Up le Creek
For all its fancy radar and autopilot (to say nothing of four double cabins, private showers, stereo and freezer), the 42-foot, $250,000 catamaran that Prince Rainier intends as a gift for daughter Caroline’s June 29th wedding sailed promptly into trouble. En route from Southampton via inland waterways, the yacht ran aground in France’s Canal du Midi, no one having told the skipper that part of the waterway was being drained. The boat’s builders eventually got a lift—from a crane and a large truck—and hope to get to the church on time.
Coup de Grace
The ubiquitous Carradine clan—pa John (Golden Rendezvous) and progeny David (The Serpent’s Egg), Keith (Pretty Baby) and Bobby (Coming Home)—had a dozen films showing in Cannes and, if all goes well, will premiere another in 1993. That’s when David figures to wrap his production The True Legend of Mata Hari, slated to begin filming soon in Holland. “We’re going to tell the story with my daughter Calista in the title role—she’s 16—and see her grow older with the film,” explains David. Like a good dad, he is doing his utmost to ease Calista’s jitters over portraying the World War I German spy who was caught and sentenced to death. “We’re going to film the execution as a dream sequence this summer,” David says. “It would be awful to have to look forward to being shot for the next 15 years.”

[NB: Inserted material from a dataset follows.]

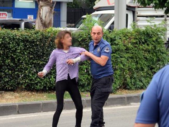 Daha sonra taksiye saldıran S.K., aracın aynalarını kırdı. Taksicilerin ihbarı üzerine gelen polis ekipleri, S.K.´yi gözaltına aldı.

Indianapolis 500 winner Al Unser isn’t at all gracious about Janet Guthrie, who in her second Indy placed ninth and became the first woman ever to complete the race. “Janet,” Unser sneers, “was just trying to finish. When she’s racing anywhere else the other drivers laugh at her, they lap her so often.” Guthrie’s measured reply: “Since he doesn’t run those other races [stock cars, in which Janet finished in the top dozen 11 times], I don’t think he can make any accurate comment on them. Unser also said since I was driving with a broken wrist I was a menace to every driver on the track and that he’d say the same about a man. He neglected to mention that Gary Bettenhausen drives mostly with one arm because he has only partial use of the other. I might add that in Al Unser’s second Indy, in 1966, he finished 12th.”
Back when her torchy Torn Between Two Lovers was hot last year, Mary MacGregor claimed she almost didn’t record the song. “I was singing it in tears,” she said. “It was really hard for me.” The reason, Mary shivered, was that even the thought of being unfaithful to husband Don was traumatic. But on May 25 Mary filed for divorce, citing “irreconcilable differences.” She isn’t living her song title, though—her new beau, a William Morris agent, appeared after the split. But her current release is called Memories.
•Vice-President Walter Mondale cracked, upon receiving an honorary Doctor of Public Administration degree at Rhode Island’s Providence College: “Your degree took four years, mine took only a few minutes. And I know many of us did the same amount of work.”
•Broadway-bred (Pal Joey, Bus Stop, Sail Away), London-based actress Elaine Stritch, 51, joked on learning she has diabetes: “Listen, I’m just looking forward to the day they catch me in the ladies’ room at the Con-naught Hotel ‘shooting up.’ Boy, am I going to have the last laugh!”
•The purse snatcher bolted from Gino’s restaurant in Washington, D.C., and bystander Terry Carter took off in hot pursuit. Carter nabbed the perpetrator once, lost him in the traffic, then grabbed him again two blocks later and handed him over to the cops. “I got carried away,” says Carter, who was Detective Sergeant Joe Broadhurst on TV’s McCloud for six years. “I guess I’m still playing that role.”